Just like we all should in ND because that is exactly what we are doing.


----------



## KurtR (May 3, 2008)

you tell the reservations in sd and nd they wont be getting the fed money and see how that goes. Take them out of the equation and numbers would be quite different as they are money pits


----------



## southdakbearfan (Oct 11, 2004)

I had to clean off my computer as if you knew me, you would never even think anything liberal about me.

Quite simply, for one example, what you are proposing would eliminate the interstate and us highway system in all rural and large area low population states completely and probably the state highway systems in those areas as well as the states could only afford to keep up the roads in very limited areas, mainly not rural areas. There goes most of your interstate commerce and shipping abilities, period. How would that look on a bottom line tax base for those states? How would that nice corn crop look if the farmer had to go back to hauling in standard grain trucks instead of semi because of severe load limits on terrible roads? How would that new manufacturing plant look that boarded up because they couldn't ship loads in and out? How would all those manufacturing plants in the donor states look when they couldn't ship any product to stores in fargo, bismarck, aberdeen, or any other cities in rural america?

We are all linked together between rural states and urban states. We use their products they use ours.

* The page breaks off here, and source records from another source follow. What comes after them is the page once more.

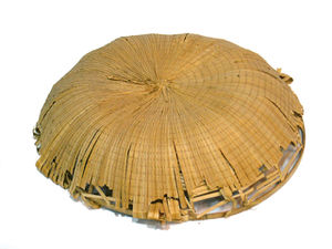 菅笠(すげがさ)で、頭にかむり雨よけ、日よけの役を果す。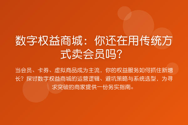 当会员、卡券、虚拟商品成为主流,你的权益服务如何抓住新增长?探讨数字权益商城的运营逻辑、避坑策略与系统选型,为寻求突破的商家提供一份务实指南。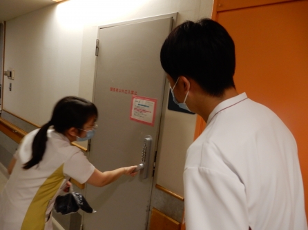 こちらはB3病棟、外科病棟になります。シャドイングです。点滴終了したら点滴棒を拭いて所定の位置に戻します。覚えることがたくさんありますが、まだまだ始まったばかり、1つ1つやっていきましょう。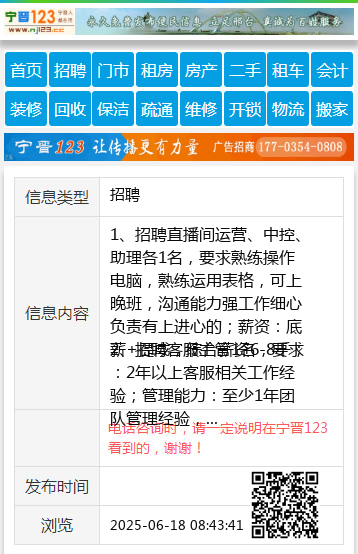 工作地点:宁晋六中附近,联系电话:17731995078 【电话咨询时,请一定说明在宁晋123看到的,谢谢!】 |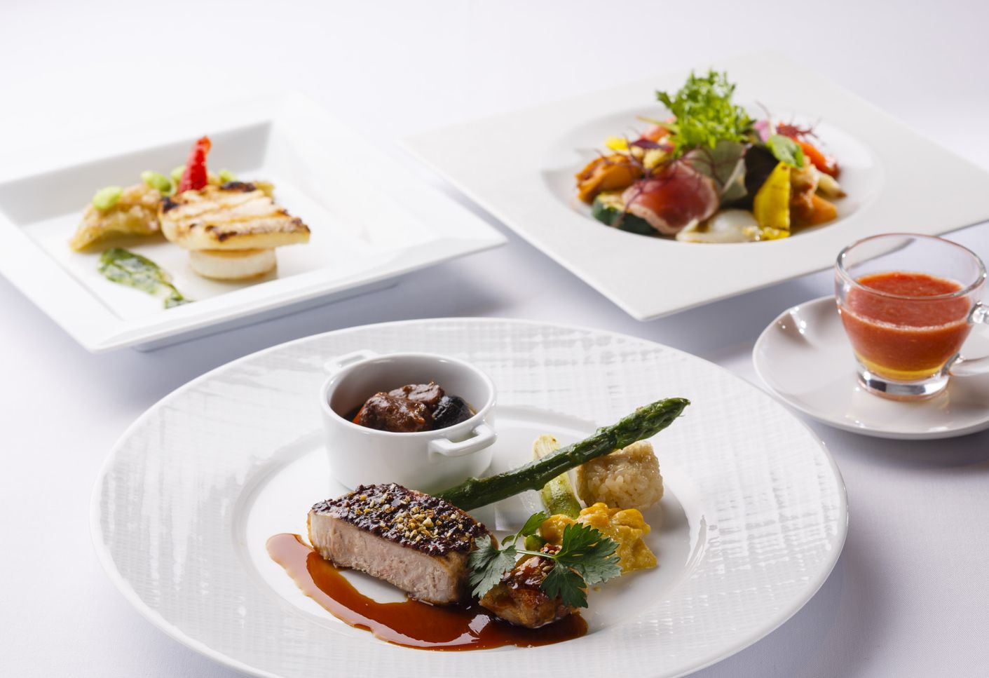 メインダイニングのレストラン「ブラン ルージュ」では、太陽の恵みを浴びた夏野菜や、鮎、鰻、大鮑など旬の食材で織りなすスペシャルランチ&ディナーコース「初夏の美食会」を3日間限定でご用意。総料理長 石原 雅弘による、そのときにしか味わえない美食の世界を存分にご堪能いただけます。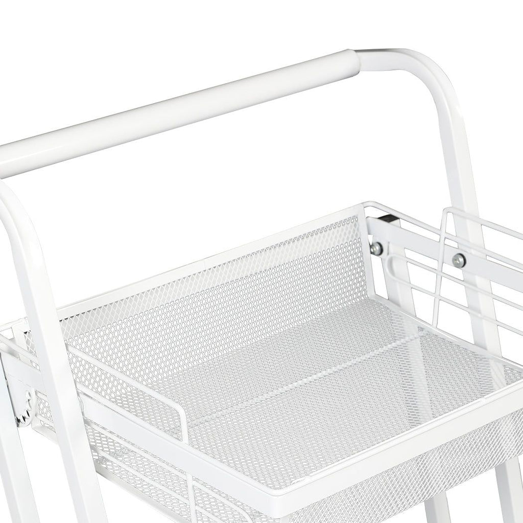 Roll your study and durable kitchen cart on wheels around. Your carts powder-coated carbon steel lasts and lasts. Round handle makes it comfortable to push. Free spinning castor wheels with brakes to stay put. Steel mesh baskets give air flow around your items.

The problem isn't the rate in which money is given out, it's what it is being given out for. Eliminate the unnecessary crap is the answer.

I'm sorry, I am a true blooded conservative, but I trust none of the main political parties. They have completely allowed the fringes to take over the national parties on both sides of the isle and have their own personal interests and their donors in mind, not the countries and the people they are elected to represent for the most part.

I also believe the federal gov't is needed for certain items, transportation, defense, certain standards/requirements, etc so there are a set national standards followed. These are core items that have been proven in the past that they could not be left up to each state to decide as they became a jumbled mess of missmatched parts that not only didn't serve the best interest of the country, they were dangerous. I also do know they have taken that jurisdiction/regulation too far in many instances though.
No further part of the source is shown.